UK inflation dips to lowest since March, cementing rate cut bets
Shoppers walk on Oxford Street, London, Britain, Nov. 21, 2025. (EPA Photo)


Consumer price inflation in Britain fell much more sharply than forecast to its lowest since March, official data showed on Wednesday, cementing expectations for the Bank of England (BoE) to cut rates on Thursday.

The decline in inflation to 3.2% from 3.6% in October reflected falls in the cost of cakes, biscuits, cereals and confectionery, as well as a smaller impact from tobacco prices and Black Friday discounts on women's clothes, the Office for National Statistics (ONS) said.

The reading was below all forecasts in a Reuters poll of economists – which had pointed to a fall to 3.5% – and undershot the BoE's own expectation of a drop to 3.4%.

The sterling dropped by more than half a cent against the U.S. dollar after the data came out, while interest rate futures priced in a near 100% chance of a quarter-point rate cut on Thursday and a higher chance of multiple rate cuts in 2026.

Before the decision, markets had priced in a more than 90% chance of the BoE cutting rates by a quarter point to 3.75% on Thursday, but many economists had viewed the decision as finely balanced and still see the BoE nearing the end of its rate-cutting cycle.

"An MPC interest rate cut tomorrow is beyond doubt now that inflation surprised to the downside," said Rob Wood, chief U.K. economist at Pantheon Macroeconomics.

"But much of the inflation surprise will likely unwind in the coming months because it was concentrated in erratic or volatile items ... or was likely driven by the temporary effect of early Black Friday discounts," he said.

Underlying inflation measures soften

Wednesday's data showed services price inflation, which the BoE sees as a guide to longer-term price pressures, fell to 4.4% rather than holding at 4.5% as economists and the BoE had expected. Food and nonalcoholic beverage inflation dropped to 4.2% from 4.9% in October.

The BoE had said it expected it to reach 5.3% in December, the highest in nearly two years.
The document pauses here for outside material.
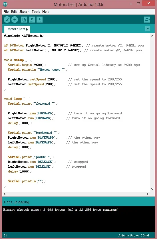 The company Adafruit sold the L293D motor shield kit that is now obsolete, but they still provide its learning documentation, Adafruit Motor Shield, at https://learn.adafruit.com/downloads/pdf/adafruit-motor-shield.pdf and the assembled board can be purchased elsewhere. This test program above came from this reference, please refer to it. The AF_Motor Arduino library (AFMotor.h) must be installed to instruct the Arduino how to talk to the Motor shield. Follow the Adafruit instruction on how to install it into the Arduino IDE. Then, copy, paste, and upload this test program to your Arduino and test your car.

Core consumer price inflation – which excludes more volatile food, alcohol, energy and tobacco prices – also slowed to 3.2% rather than holding at 3.4% as economists had forecast in the Reuters poll.

Last month, the BoE's Monetary Policy Committee (MPC) voted 5-4 to keep interest rates on hold, breaking the quarterly cadence of rate cuts it followed since 2024, and economists polled last week expected a December rate cut by only a narrow 5-4 margin.
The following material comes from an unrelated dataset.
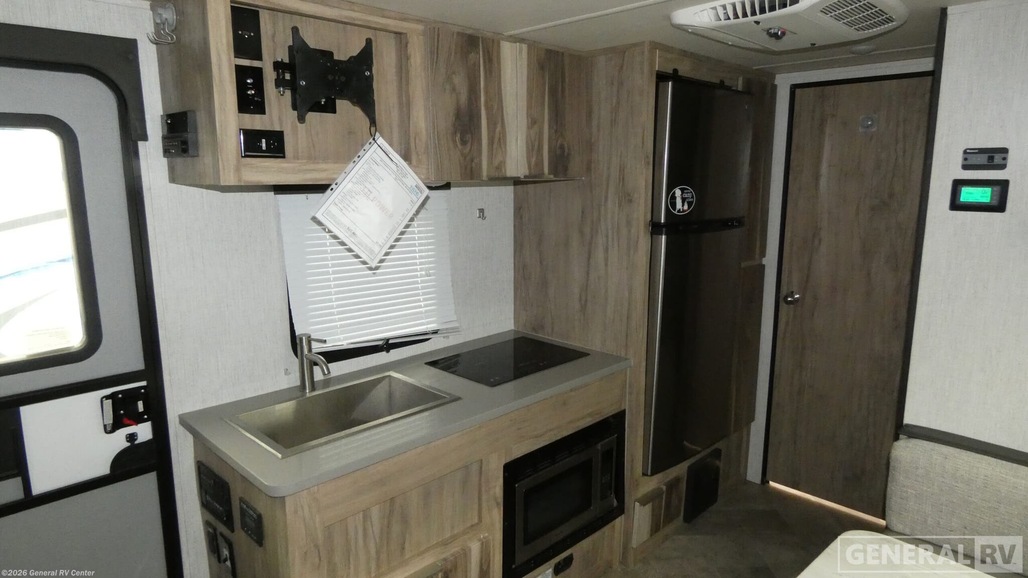 **Palomino Revolve travel trailer EV4 highlights:** * Bunk Beds * Private Toilet & Shower * Booth Dinette * 24" 12V TV * Off Grid Package You and your family will love this trailer! The kids will claim the bunk beds and you will have a queen Murphy bed up front as well as a sofa to relax on during the daytime! The kids can even invite a friend to sleep on the booth dinette. The cook will enjoy making meals using the two burner stove and the convection microwave, and the refrigerator can store leftovers plus the pantry will hold your snacks. And the toilet and shower room offers privacy when changing and getting cleaned up. You don't need to revolve your campsite choice around your electrical needs with any one of these Palomino Revolve travel trailers! They are completely solar powered and can charge not only by solar, but also by shore power and tow vehicle, making them a 100% zero emissions RV. There is also an interior monitor panel to provide real time battery bank usage so you won't have to worry about running out of power. The construction promotes better fuel efficiency, and includes Azdel construction, vacuum bonded construction, a gel coat exterior fiberglass for easy cleaning and maintenance, and a fully walkable roof. Make your selection today!

Of those members who opposed a cut in November, Governor Andrew Bailey looks most likely to switch sides as he said in minutes of the decision that he wanted to see further falls in price pressures "this year" before backing a cut.

Budget to ease pressure on bills

British inflation has been higher than in other major advanced economies, and in November the central bank forecast it would remain above its 2% target until the second quarter of 2027.

Since then, Treasury chief Rachel Reeves announced measures in her Nov. 26 budget that will shift climate change costs away from levies on energy bills towards general taxation.

BoE Deputy Governor Clare Lombardelli said the move might temporarily lower inflation by up to half a percentage point from April 2026 – potentially allowing the BoE to hit its CPI target sooner – but do little to change the longer-term outlook.

Part of Britain's higher inflation this year reflects rises in regulated prices, such as utility bills, introduced in April at the same time as a big increase in employers' social security payments.

But some of the higher inflation also reflects wage growth, which remains well above the level of around 3% that most of the MPC view as compatible with 2% inflation. Private-sector growth in regular pay slowed to 3.9% in the three months to October, its lowest since December 2020, but it remains above the 3.5% the BoE forecasts for the final quarter of the year.

MPC members are divided on the extent to which they expect rising unemployment to dampen wage growth and how much this will be offset by structural problems that have been present around labour force participation since the COVID-19 pandemic.